Task item
After finding the line with "Um guarda-roupa bem" in the data below, set down exactly each line through the one with "First, the movement....referenced", inclusive, and stop there.

Record set
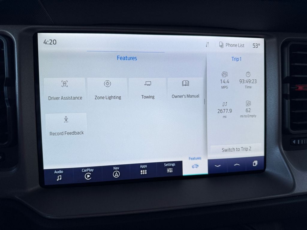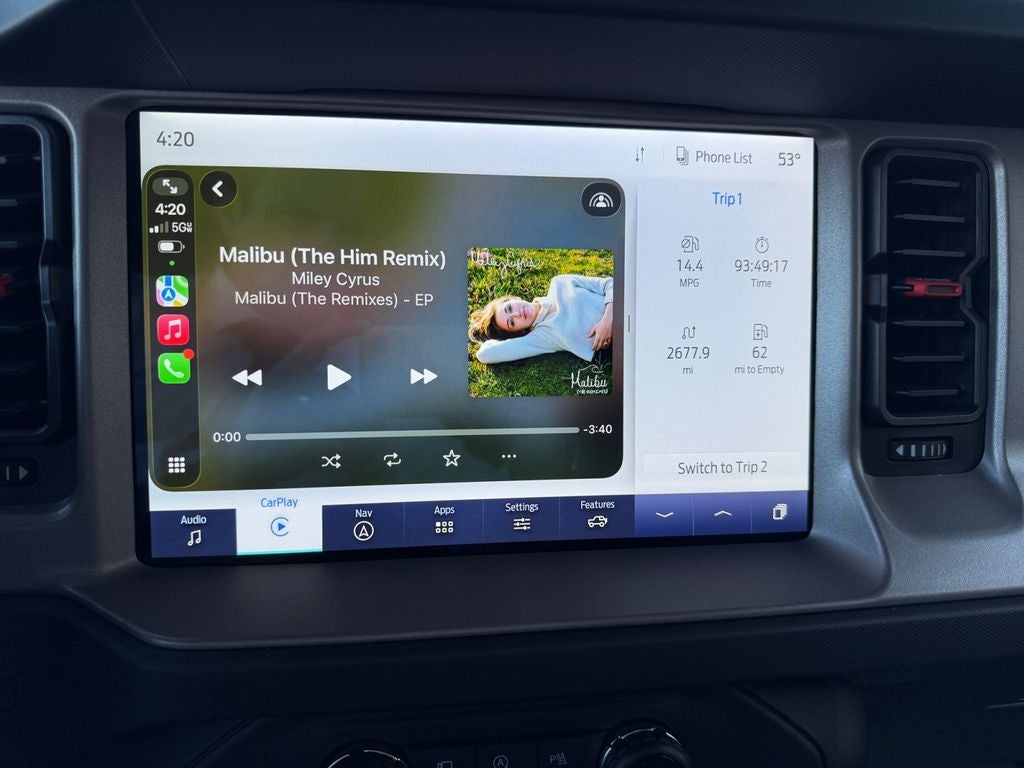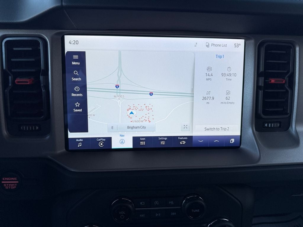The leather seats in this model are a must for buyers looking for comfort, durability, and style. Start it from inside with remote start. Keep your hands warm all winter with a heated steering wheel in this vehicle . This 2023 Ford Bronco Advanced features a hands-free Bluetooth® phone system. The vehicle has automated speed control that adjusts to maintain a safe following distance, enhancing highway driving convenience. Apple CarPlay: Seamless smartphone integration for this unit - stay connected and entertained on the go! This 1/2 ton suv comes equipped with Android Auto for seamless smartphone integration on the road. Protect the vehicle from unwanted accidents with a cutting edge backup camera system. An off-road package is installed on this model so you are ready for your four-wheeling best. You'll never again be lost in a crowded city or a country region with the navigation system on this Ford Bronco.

---

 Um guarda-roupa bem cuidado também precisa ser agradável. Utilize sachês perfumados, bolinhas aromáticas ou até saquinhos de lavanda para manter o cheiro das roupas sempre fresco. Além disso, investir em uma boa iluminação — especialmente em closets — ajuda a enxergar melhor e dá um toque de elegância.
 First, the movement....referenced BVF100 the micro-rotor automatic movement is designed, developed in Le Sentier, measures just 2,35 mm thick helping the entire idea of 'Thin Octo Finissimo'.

Result of this exercise
 Um guarda-roupa bem cuidado também precisa ser agradável. Utilize sachês perfumados, bolinhas aromáticas ou até saquinhos de lavanda para manter o cheiro das roupas sempre fresco. Além disso, investir em uma boa iluminação — especialmente em closets — ajuda a enxergar melhor e dá um toque de elegância.
 First, the movement....referenced BVF100 the micro-rotor automatic movement is designed, developed in Le Sentier, measures just 2,35 mm thick helping the entire idea of 'Thin Octo Finissimo'.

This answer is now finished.